Futurama hasn’t been this good in years. It’s been very funny this season, and I think most of the movies had some inspired gags, but this week’s was the first time the plot’s been as good as the jokes since the good old days. It did what all the best episodes do: found the humour value in an old sci-fi concept and took it to ridiculous extremes.
If you didn’t see it, Farnsworth invented a mind-swapper. He and Amy swapped bodies to enjoy youth and food respectively, but found they couldn’t switch back because their body’s immune response blocked the same switch being made again. They could still swap to other bodies, though, so Bender and the Professor (really Amy) swap minds.
Bender (really the Professor): Now then Amy, we’ll simply switch bodies, and then we’ll… no… I’d be back in my body, but then you and Bender would be switched, and the Amy and Bender bodies can’t trade minds again since they just did!
Professor (really Amy): Oh no! Is it possible to get everyone back to normal using four or more bodies?
Bender (really the Professor): I’m not sure! I’m afraid we need to use… MATH.
You can already tell the whole episode is going to be amazing at this point, but I had to pause and work it out before watching any more. You could call this an intentionally self-inflicted spoiler, but you kind of already know the main characters aren’t going to end up permanently switched, right? I just wanted to know if this was a way they could be restored, and if so how many more people they’d need.
It’s trickier than it seems as first, but not as impossible as it starts to look shortly after that. To be as clear as possible, I’ll refer to people as Person They Appear To Be (Person They Really Are). This is important because it’s the bodies that can’t switch back directly – there’s no rule about minds.
By this point in the show, here’s the story so far:
Amy and the Professor switch
Producing: Professor (Amy)
Amy (Professor)
Amy and Bender switch
Producing: Amy (Bender)
Bender (Professor)
Leaving: Professor (Amy)
Bender (Professor) proposes switching with Professor (Amy) but doesn’t go through with it. It’s easier to think about if he does do that, though, because we’re back to just two wrong ‘uns to fix.
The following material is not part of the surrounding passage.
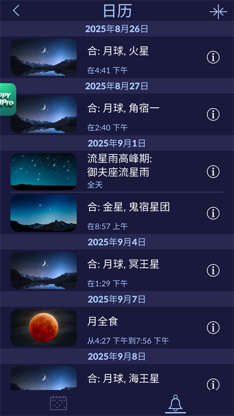 2、通过「天文日历」功能,筛选未来一段时间内的流星雨事件。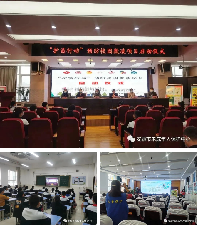 在深入學(xué)習(xí)黨的二十大精神,全面提升社會主義精神文明,全市人民奮力創(chuàng)建全國文明城市工作的熱烈氛圍下,為進(jìn)一步深化“護苗行動”的開展,營造安全、文明、和諧的育人環(huán)境,培養(yǎng)學(xué)生基本法律意識,幫助他們樹立守法觀念,增強自我保護意識,讓學(xué)生懂得運用法律的武器來保護自己。11月9日上午,安康市未成年人保護中心受邀前往漢濱區(qū)城東小學(xué)參加“護苗行動”預(yù)防校園欺凌項目啟動儀式。該項目資金由山溪行動——陜西省婦兒公益網(wǎng)絡(luò)建設(shè)項目提供,安康市關(guān)心下一代工作委員會、安康市中級人民法院、安康市婦女聯(lián)合會、安康市政府婦兒工委辦、共青團安康市委、安康市未成年人保護中心協(xié)助,安康艾德社會工作服務(wù)中心執(zhí)行實施,這是我市第一次系統(tǒng)性引入預(yù)防校園欺凌知識體系,項目啟動儀式以直播的形式向漢濱區(qū)城東小學(xué)1500余名師生進(jìn)行轉(zhuǎn)播。

Bender and Professor switch
Producing: Bender (Amy) Professor (Professor) – Fixed!
Leaving: Amy (Bender)
Now Bender and Amy need to switch, but they can’t directly. So we use Fry as temporary storage:
Bender and Fry switch
Producing: Fry (Amy) Bender (Fry)
Leaving: Amy (Bender)
But that’s not enough. We need a somewhere else to put Bender’s brain so we don’t end up using the same storage person twice for the same trade. So:
Amy and Leela switch
Producing: Amy (Leela)
Leela (Bender)
Leaving: Fry (Amy)
Bender (Fry)
Now we can get Amy’s brain back in her without putting Bender into Fry – we can’t re-swap that pair.
Amy and Fry switch
Producing: Fry (Leela) Amy (Amy) – Fixed!
Leaving: Bender (Fry)
Leela (Bender)
Similarly, we can put Bender back to rights without stranding Fry.
Leela and Bender switch
Producing: Leela (Fry) Bender (Bender) – Fixed!
Leaving: Fry (Leela)
So finally we can switch two people who both want to be switched, which is the only way you can ever finish this thing:
That was my first attempt. Looking it over, I think there’s probably some flab there – I think I can see a way to save a move or two early on. But figuring out this much made the rest of the episode all the more fun to watch, because the switches get nuts very, very quickly.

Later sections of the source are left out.